De richtlijn is (voor zover mogelijk) gebaseerd op bewijs uit wetenschappelijk onderzoek. Het literatuuronderzoek is gestart met het bestuderen van bestaande systematische reviews en richtlijnen (Cochrane Library, National Guideline Clearinghouse, National Institute for Health and Clinical Excellence (NICE)). Daarna is een systematische literatuursearch van peer reviewed literatuur (PubMed, MEDLINE, Embase en PsychINFO) tot januari 2010 verricht. Bij de (methodologische) beoordeling van richtlijnen is gebruik gemaakt van het AGREE-instrument. Voor de beoordeling van de methodologische kwaliteit van individuele studies en het graderen van de kwaliteit van het bewijs is gebruik gemaakt van het EBRO-systeem, ontwikkeld door het CBO. De literatuur is samengevat en het belangrijkste wetenschappelijk bewijs is vermeld in een ‘conclusie’. De studies waarop de conclusie is gebaseerd, staan bij de conclusie vermeld, inclusief de kwaliteit van het bewijs. Voor het formuleren van een aanbeveling zijn naast het wetenschappelijke bewijs vaak nog andere aspecten van belang, bijvoorbeeld: patiëntenvoorkeuren, kosten, beschikbaarheid of organisatorische aspecten. Deze aspecten worden, voor zover niet wetenschappelijk onderzocht, vermeld onder ‘overige overwegingen’. In de overige overwegingen spelen dus de ervaring en de mening van de werkgroepleden een belangrijke rol. De ‘aanbeveling’ is het resultaat van de integratie van het beschikbare bewijs met de weergegeven overige overwegingen. Bij het ontbreken van onderzoek specifiek over kinderen met overgewicht is in de aanbevelingen gebruik gemaakt van de richtlijn ‘Diagnostiek en behandeling van obesitas bij volwassenen en kinderen’ en het addendum Richtlijn Obesitas voor kinderen (CBO Kwaliteitsinstituut voor de gezondheidszorg, 2008; Partnerschap Overgewicht Nederland, 2010).
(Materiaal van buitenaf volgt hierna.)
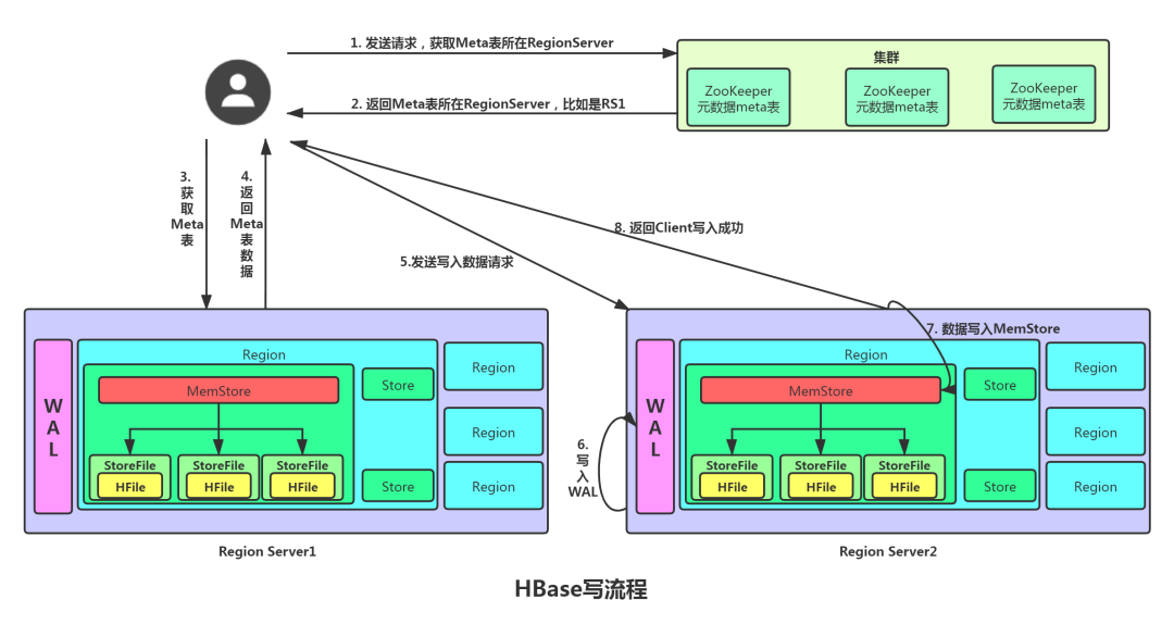 Client 先访问 ZooKeeper,获取 hbase:meta 表位于哪个 Region Server。 访问对应的 Region Server,获取 hbase:meta 表,根据读请求的 namespace:table/rowkey, 查询出目标数据位于哪个 Region Server 中的哪个 Region 中。并将该 table 的 region 信息以 及 meta 表的位置信息缓存在客户端的 meta cache,方便下次访问。 与目标 Region Server 进行通讯。 分别在 Block Cache(读缓存),MemStore 和 Store File(HFile)中查询目标数据,并将 查到的所有数据进行合并。此处所有数据是指同一条数据的不同版本(time stamp)或者不同的类型(Put/Delete)。 将从文件HFile中查询到的数据块(Block,HFile 数据存储单元,默认大小为 64KB)缓存到 Block Cache。 将合并后的最终结果,然后返回时间最新的数据返回给客户端。

Deze aanbevelingen zijn in overeenstemming met nationale en interna- tionale richtlijnen (Anonymous, 2006; August et al. 2008; Baker et al. 2010; Barlow, 2007; Bulk-Bunschoten et al. 2004; Bulk-Bunschoten et al. 2006; National institute for health and clinical exellence, 2006; Scottish Intercollegiate Guidelines Network (SIGN), 2010).
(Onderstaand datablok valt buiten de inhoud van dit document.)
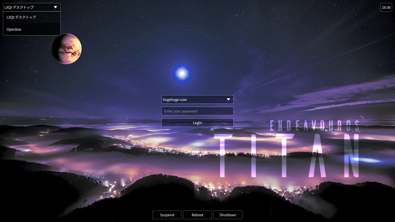 1. インストール インストールに関しては、「EndeavourOS - 2026.03.06 - 共通事項」をご参照ください。 「Openbox」は、明示的に選択肢はありません。 「LXQt」もしくは「LXDE」をインストールすると、漏れなくついてきます。 2. セッション選択 ログイン画面で「Openbox」を選択すれば、「Openbox」の環境へログインできます。

Indeling van methodologische kwaliteit van individuele studies.

 

Interventie

Diagnostisch accuratesseonderzoek

Schade of bijwerkingen, etiologie, prognose*

A1

Systematische review van tenminste twee onafhankelijk van elkaar uitgevoerde onderzoeken van A2-niveau

A2

Gerandomiseerd dubbelblind vergelijkend klinisch onderzoek van goede kwaliteit van voldoende omvang

Onderzoek ten opzichte van een referentietest (een ‘gouden standaard’) met tevoren gedefinieerde afkapwaarden en onafhankelijke beoordeling van de resultaten van test en gouden standaard, betreffende een voldoende grote serie van opeenvolgende patiënten die allen de index- en referentietest hebben gehad

Prospectief cohort onderzoek van voldoende omvang en follow-up, waarbij adequaat gecontroleerd is voor ‘confounding’ en selectieve follow-up voldoende is uitgesloten.

B

Vergelijkend onderzoek, maar niet met alle kenmerken als genoemd onder A2 (hieronder valt ook patiëntcontrole onderzoek, cohortonderzoek)
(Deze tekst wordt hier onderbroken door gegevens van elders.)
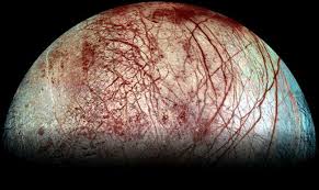 On rencontre ensuite Europe, à une distance de 670 900 kilomètres de Jupiter et avec un diamètre de 3138 kilomètres. Europe présente une surface très lisse formée de glace d’eau sans relief notable mais recouverte d’une multitude de crevasses pouvant s’étendre sur des milliers de kilomètres. Ces caractéristiques peuvent s’expliquer si, à une époque reculée, la surface a été fondue par des forces de marée avant de geler en laissant apparaître d’énormes fractures. Il est d’ailleurs possible que les mêmes forces de marée créent encore suffisamment de chaleur pour permettre l’existence d’un océan liquide sous la croûte glacée, d’où la possibilité d’une forme de vie sous la surface.

Onderzoek ten opzichte van een referentietest, maar niet met alle kenmerken die onder A2 zijn genoemd

Prospectief cohortonderzoek, maar niet met alle kenmerken als genoemd onder A2, of retrospectief cohort onderzoek of patiëntcontrole onderzoek

C

Niet-vergelijkend onderzoek

D

Mening van deskundigen

*Deze classificatie is alleen van toepassing in situaties waarin om ethische of andere redenen gecontroleerde trials niet mogelijk zijn. Zijn die wel mogelijk, dan geldt de classificatie voor interventies.

Kwaliteit van de conclusie

  Conclusie gebaseerd op
1 Onderzoek van niveau A1 of tenminste 2 onafhankelijk van elkaar uitgevoerde onderzoeken van niveau A2
2 1 onderzoek van niveau A2 of tenminste 2 onafhankelijk van elkaar uitgevoerde onderzoeken van niveau B
3 1 onderzoek van niveau B of C
4 Mening van deskundigen

Overwegingen

Thema 2: signaleren
Niet-antropometrische meetmethoden
Niet-antropometrische metingen zijn duur, tijdrovend, niet kindvriendelijk en daardoor niet haalbaar en toepasbaar in de dagelijkse praktijk van de JGZ. Deze meetmethodes zijn geschikt voor wetenschappelijk onderzoek en zijn vooral van belang om andere meetmethodes, gebaseerd op antropometrische gegevens, te valideren. De BIA-methode zou in de dagelijkse praktijk toepasbaar kunnen zijn.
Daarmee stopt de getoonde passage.